Granted a 12-hour release to attend the funeral, Mr. Rose showed up in a lumberjack shirt and turned the event into a rally-like gathering, earning a standing ovation when he described her "the mother of the political prisoners."

The following year, Mr. Rose was granted full parole.

He wrote for l'Aut' Journal and worked as an adviser for the Confédération des syndicats nationaux trade union.

He also joined the provincial New Democrats, back then a fringe party that had split from the federal party because it supported Quebec independence.

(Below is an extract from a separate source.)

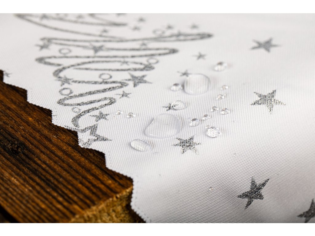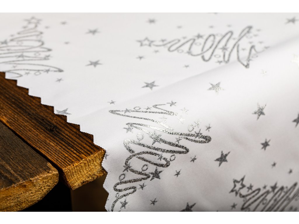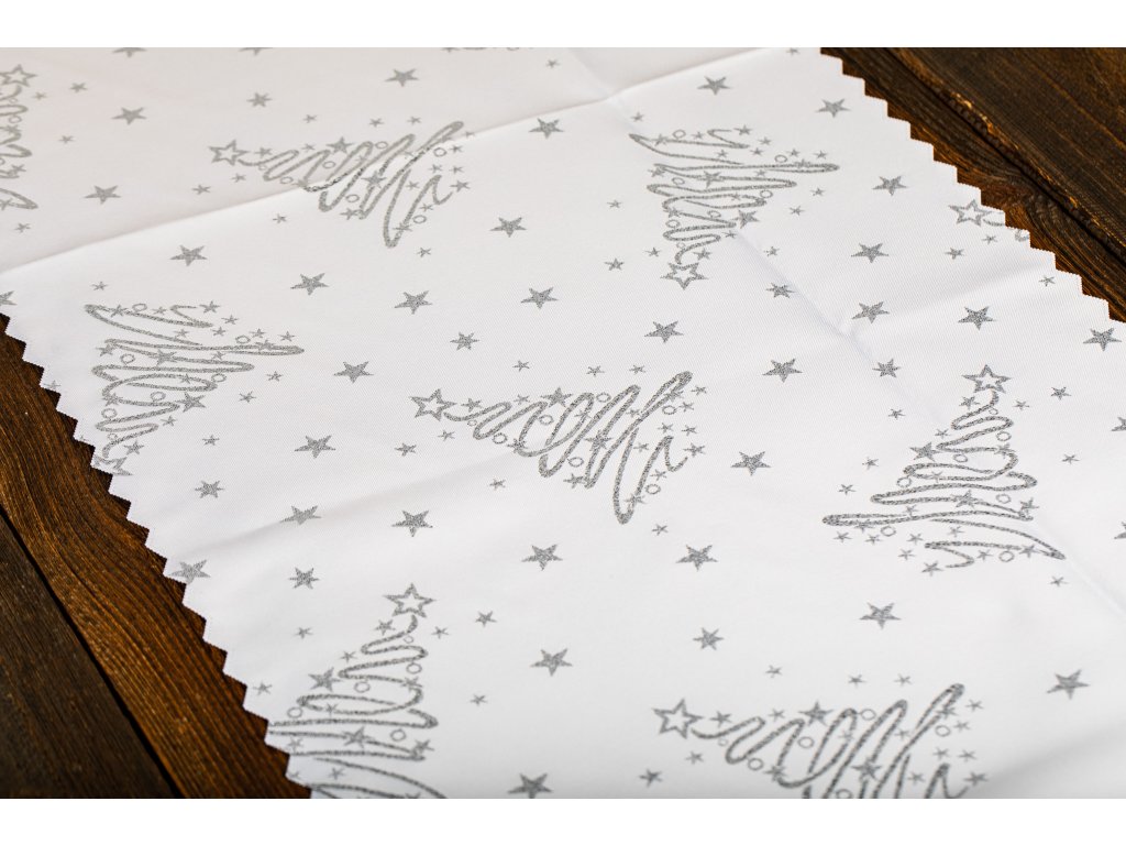 Luxusní Vánoční běhoun na stůl se stromky - stříbrný SW6

When Mr. Rose tried to run for a provincial seat in 1991, a mortified federal NDP considered legal actions to force the Quebec party to drop New Democratic from its name.

The controversy was mooted by a Quebec Superior Court decision that ruled that Mr. Rose couldn't run for office because of his murder conviction.

In his most recent political activity, Mr. Rose gave a speech at a rally in support of last year's student protests against increasing tuition fees.

L'Aut'Journal said Mr. Rose died in hospital while his son Felix and his daughter Rosalie read him nationalist works such as poems by Gaston Miron and Gérald Godin and lyrics from "Un Canadien errant," a folk song about the plight of French-Canadians exiled after the 1837 rebellions.